• Information shown:

——————

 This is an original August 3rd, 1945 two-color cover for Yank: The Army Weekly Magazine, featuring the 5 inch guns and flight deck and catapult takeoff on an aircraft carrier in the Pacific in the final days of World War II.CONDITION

——————

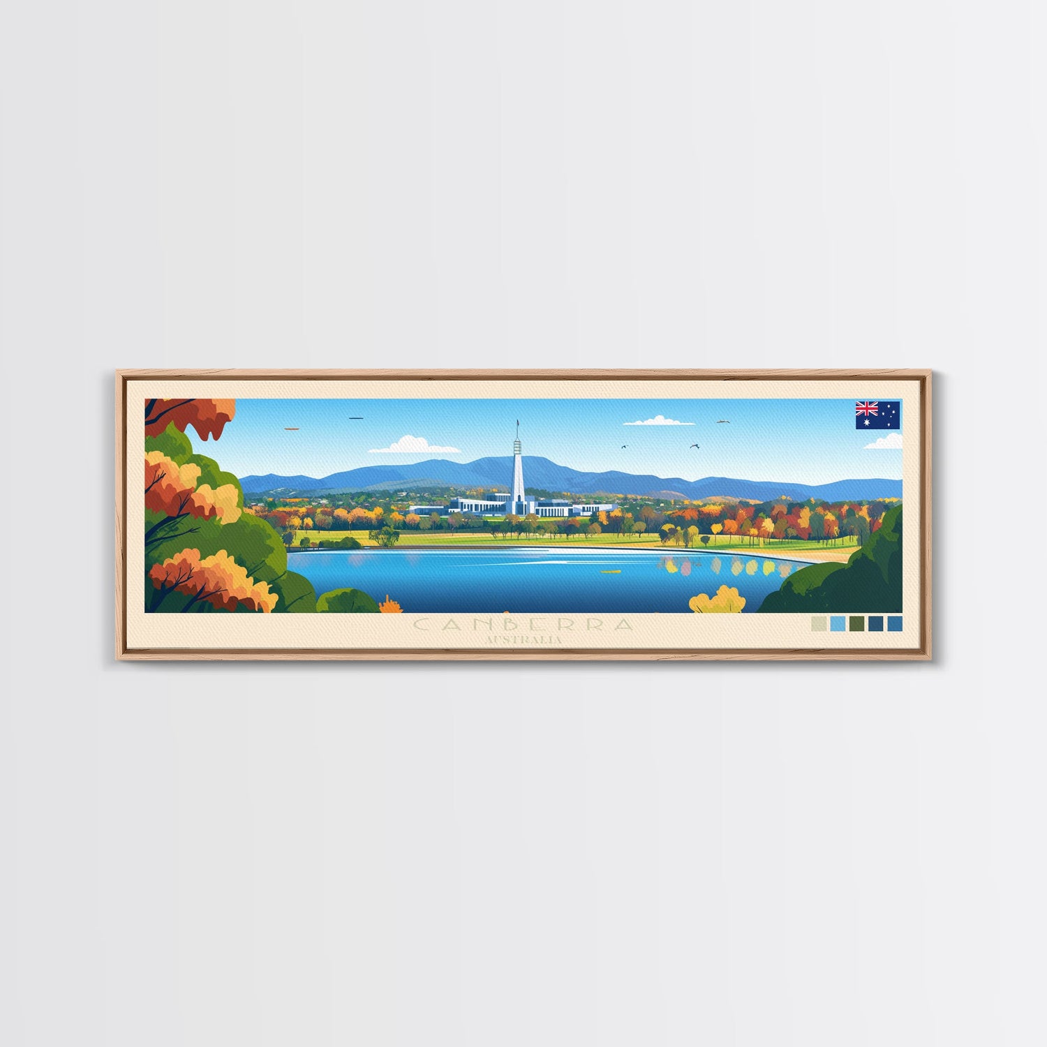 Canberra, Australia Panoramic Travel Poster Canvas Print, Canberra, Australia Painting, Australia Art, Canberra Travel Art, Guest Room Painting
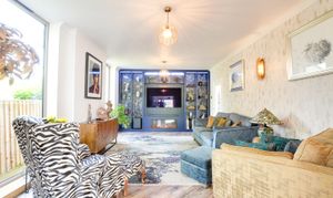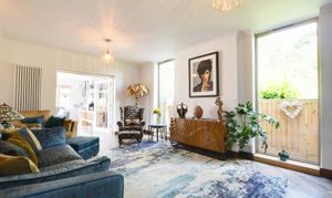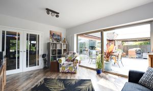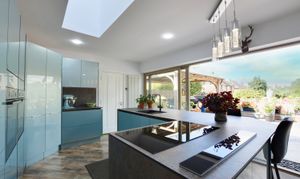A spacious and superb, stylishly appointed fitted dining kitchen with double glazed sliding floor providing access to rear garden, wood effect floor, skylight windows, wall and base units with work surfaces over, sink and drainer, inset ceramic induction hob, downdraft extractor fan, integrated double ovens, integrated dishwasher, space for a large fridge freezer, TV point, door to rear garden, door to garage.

——————

• Task statement: Print exactly the lines above that run from the one with "Canberra, Australia Panoramic" down to the one with "A spacious and", and omit the pictures.

• Response for this exercise:
 Canberra, Australia Panoramic Travel Poster Canvas Print, Canberra, Australia Painting, Australia Art, Canberra Travel Art, Guest Room Painting
A spacious and superb, stylishly appointed fitted dining kitchen with double glazed sliding floor providing access to rear garden, wood effect floor, skylight windows, wall and base units with work surfaces over, sink and drainer, inset ceramic induction hob, downdraft extractor fan, integrated double ovens, integrated dishwasher, space for a large fridge freezer, TV point, door to rear garden, door to garage.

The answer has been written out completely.